__Activity__. Drop the pictures and repeat the remaining data exactly.

__Dataset extract__.
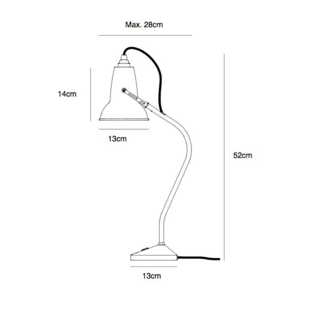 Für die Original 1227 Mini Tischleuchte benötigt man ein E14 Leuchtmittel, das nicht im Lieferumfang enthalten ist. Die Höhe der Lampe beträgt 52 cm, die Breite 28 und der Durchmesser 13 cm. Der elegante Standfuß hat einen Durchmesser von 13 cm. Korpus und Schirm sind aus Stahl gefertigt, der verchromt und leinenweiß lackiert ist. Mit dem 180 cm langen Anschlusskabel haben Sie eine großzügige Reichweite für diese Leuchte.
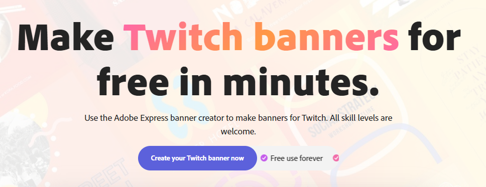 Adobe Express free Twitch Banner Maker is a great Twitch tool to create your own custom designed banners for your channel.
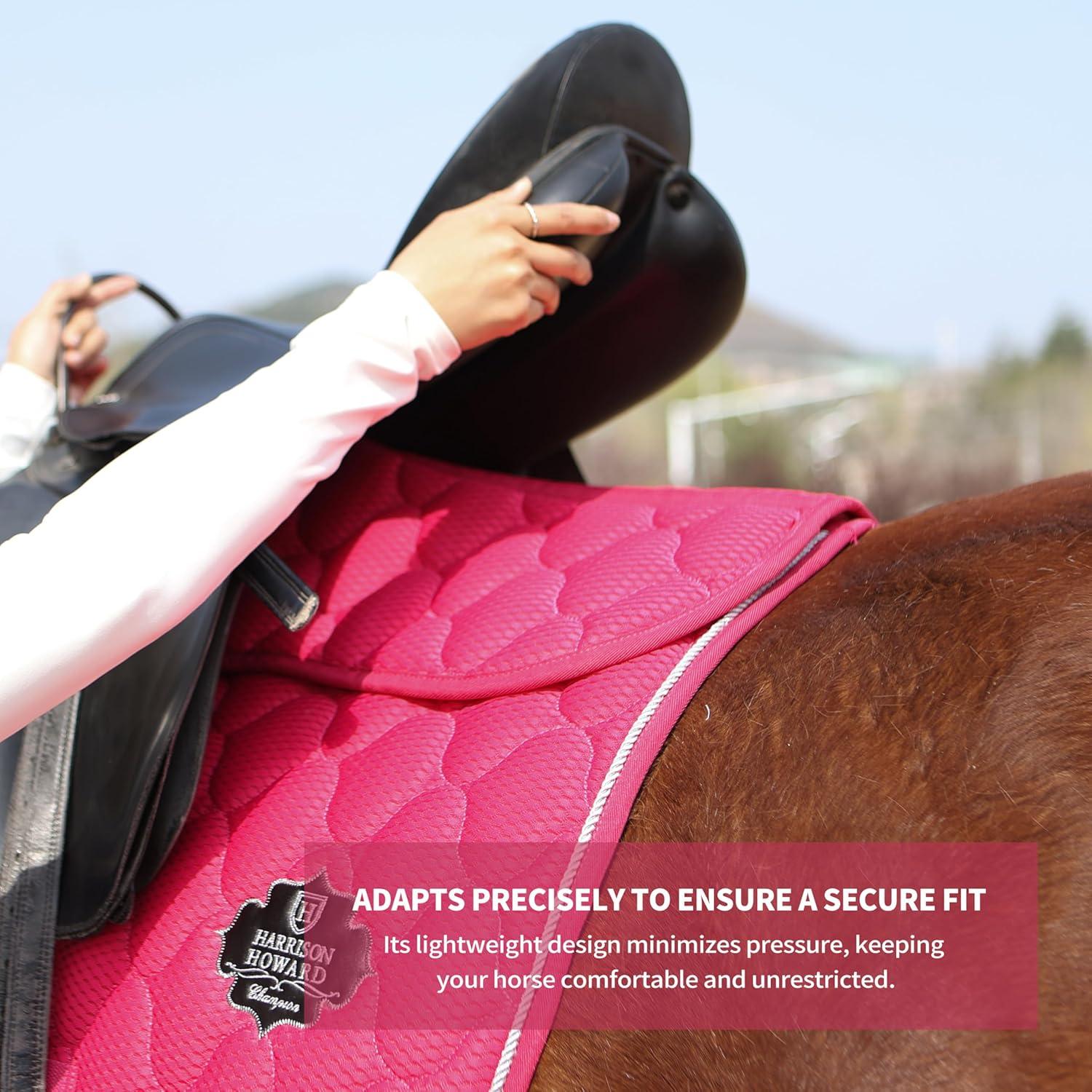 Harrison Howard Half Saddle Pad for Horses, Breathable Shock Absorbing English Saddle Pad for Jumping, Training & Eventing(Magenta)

__Finished task__.
 Für die Original 1227 Mini Tischleuchte benötigt man ein E14 Leuchtmittel, das nicht im Lieferumfang enthalten ist. Die Höhe der Lampe beträgt 52 cm, die Breite 28 und der Durchmesser 13 cm. Der elegante Standfuß hat einen Durchmesser von 13 cm. Korpus und Schirm sind aus Stahl gefertigt, der verchromt und leinenweiß lackiert ist. Mit dem 180 cm langen Anschlusskabel haben Sie eine großzügige Reichweite für diese Leuchte.
 Adobe Express free Twitch Banner Maker is a great Twitch tool to create your own custom designed banners for your channel.
 Harrison Howard Half Saddle Pad for Horses, Breathable Shock Absorbing English Saddle Pad for Jumping, Training & Eventing(Magenta)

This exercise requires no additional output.